21/04/2015

Zygomatiques, mode d'emploi

Un ami me déclara un jour ceci : les Genevois ne sont pas souriants. Mais à voir la gueule qu'il tirait en disant cela, je ne pus m'empêcher de lui rétorquer qu'il pourrait essayer de donner le bon exemple, d'amorcer la pompe en quelque sorte. Car il n'y a en principe pas de sourire sans réciproque. Ensuite, le sourire n'est pas une affaire de citoyenneté. Il doit y avoir des Japonais qui ne dérident pas et des Cariocas moroses. C'est toujours une affaire personnelle. Mais je constate, quelquefois simplement en sortant de chez moi, que la première personne que je croise laisse se décontracter les commissures, l'air de dire « bonjour, nous sommes voisins, nous habitons la même planète ».

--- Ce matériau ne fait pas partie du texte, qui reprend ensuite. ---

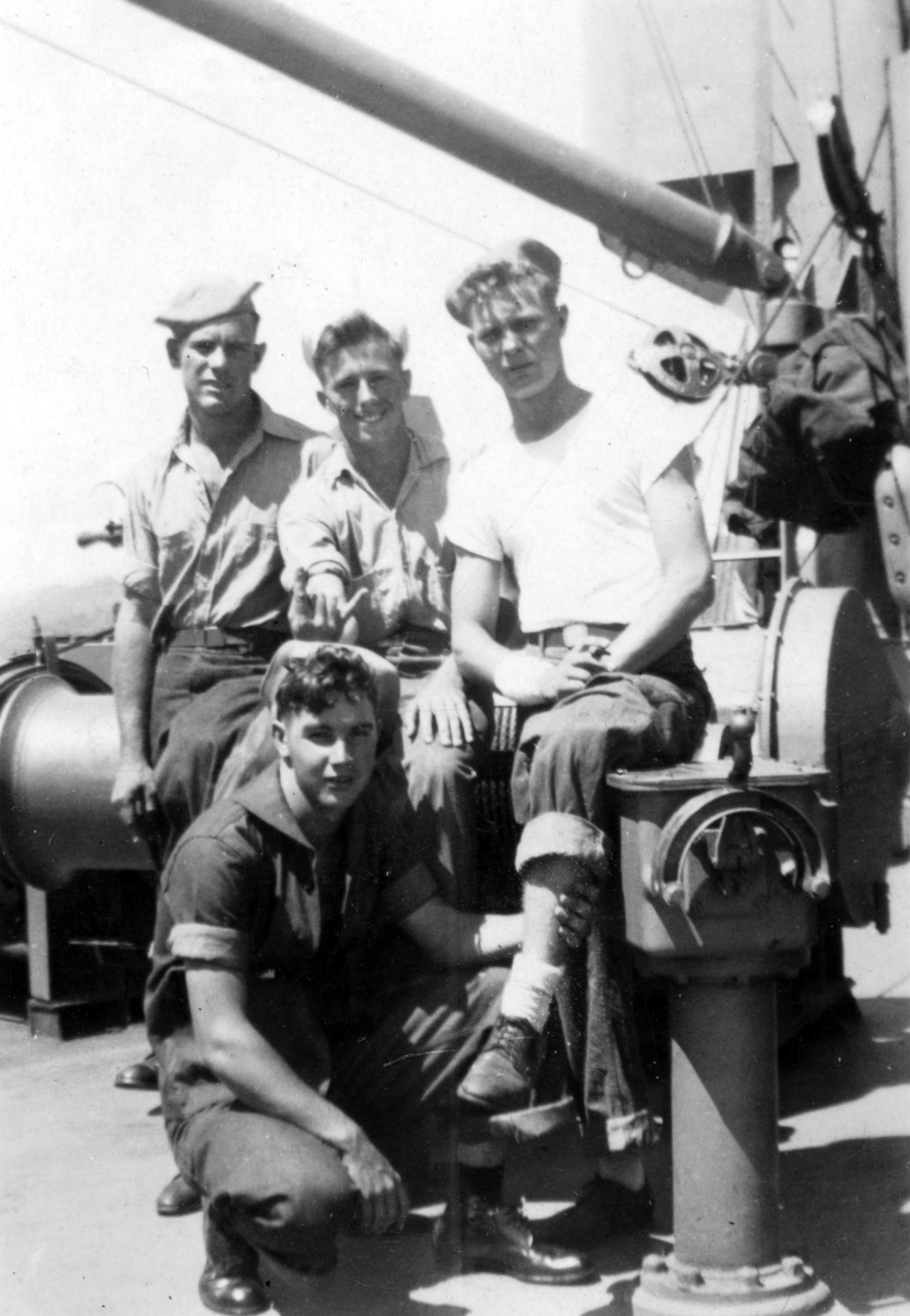 Four unidentified WWII sailors on board a ship, possibly the USS Blue Ridge.
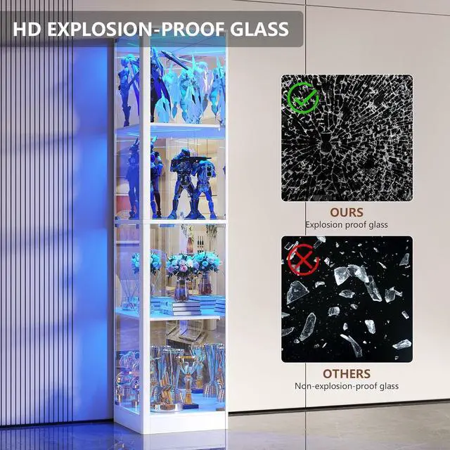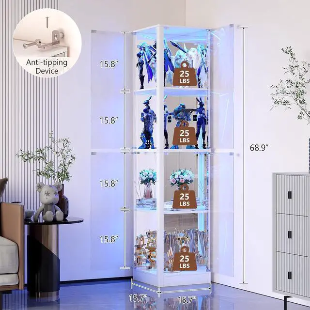 Space-Saving Shape, Generous StorageWith a tall, slim silhouette that tucks neatly into corners, this glass display case makes the most of small spaces. Four sturdy display shelves (15.8" high each) offer ample room for collectibles, toys, books, or decoreach shelf supports up to 25 lbs

On trouve le sourire également chez les fonctionnaires, souvent qualifiés de grognons (par les grognons !). Les rares fois où j'ai affaire à l'État, je suis reçu aimablement. Il m'est même arrivé cette jolie chose. J'allais faire renouveler mon passeport, une opération qui, si on évite la période de pré-vacances, se fait en quelques minutes. J'avais septante ans et pour rigoler, je dis à la jeune préposée : vous me le faites pour une durée de trente ans, après, je verrai. Sourire navré mais complice de la préposée qui regarde ensuite mes documents et constate : mais c'est votre anniversaire aujourd'hui, allez, je vous fais la bise. Et de joindre le geste à la parole. Ce sont des souvenirs qui vous marquent. Faut-il préciser qu'une telle initiative ne saurait venir d'une directive d'un chef soucieux de l'image de son service. Et encore moins d'un physique de playboy que je n'ai jamais eu.

Ceci encore : contrairement à ce que pensent des fanatiques d'une morale rigide, ces sourires réciproques ne sont jamais le prélude à une activité sexuelle torride. Les numéros de téléphone ne sont jamais échangés. De quoi tempérer les espoirs des vrais playboys.